Mental health issues can also be amplified during the holidays. With friends and families gathering around each other, it can be difficult if you have issues with needing to be alone or being introverted. Solitude to “recharge” your social battery is hard to come by when your house is crammed with people you haven’t seen or spoken to in months, and it an be overwhelming. The same goes for those with anxiety disorders. The opposite can also be true. Being alone or isolated on the holidays can be incredibly depressing and seeing pictures of people surrounded by others who care about them can really bring down your self-esteem and mental state.

Here’s how to cope. If your relatives are the issue, avoid them. This can be done by ignoring them when they start being problematic to you. Give them a curt smile, answer the bare minimum of the questions they ask you, and leave the conversation whenever the opportunity strikes. You can also step out for a walk to clear your head, which is easier to do if your house is packed. If all else fails, hide in the bathroom and pretend you accidentally locked yourself in. You could also try to help in the kitchen if that’s not stressful, making something with your hands can be soothing.

If you’re reaching a really bad point in your mental health or you’re at a breaking point, the best thing to do is disconnect from your stressful surroundings for a while. This can be done a variety of ways, but it’s good to stick to ways that don’t harm your body like drugs or alcohol will. A couple of good ways to take a break are on the App Store.

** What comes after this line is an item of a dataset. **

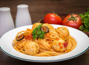 Spaghetti z klopsikami z kurczaka w aromatycznym sosie pomidorowym

The app calmharm helps you to back down from a painful and dangerous mental state and become more comfortable in your situation. It’s also user-friendly and simple to set up.

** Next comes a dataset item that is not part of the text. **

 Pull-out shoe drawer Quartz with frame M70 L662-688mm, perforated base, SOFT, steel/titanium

Another method of calming oneself down from a heightened mental state is the 5-4-3-2-1 method. Find five things you can see, four things you can touch, three things you can hear, two things you can smell, and one thing you can taste. This is only one method for bringing oneself back down to earth, there are many other anxiety-ridding breathing exercises to become less panicked and stop hyperventilating.

 If things get really, really bad, the self-harm text hotline is CONNECT to 741741 or the anxiety/panic hotline is 1-800-950-6264. Stay mentally healthy this holiday season and good luck.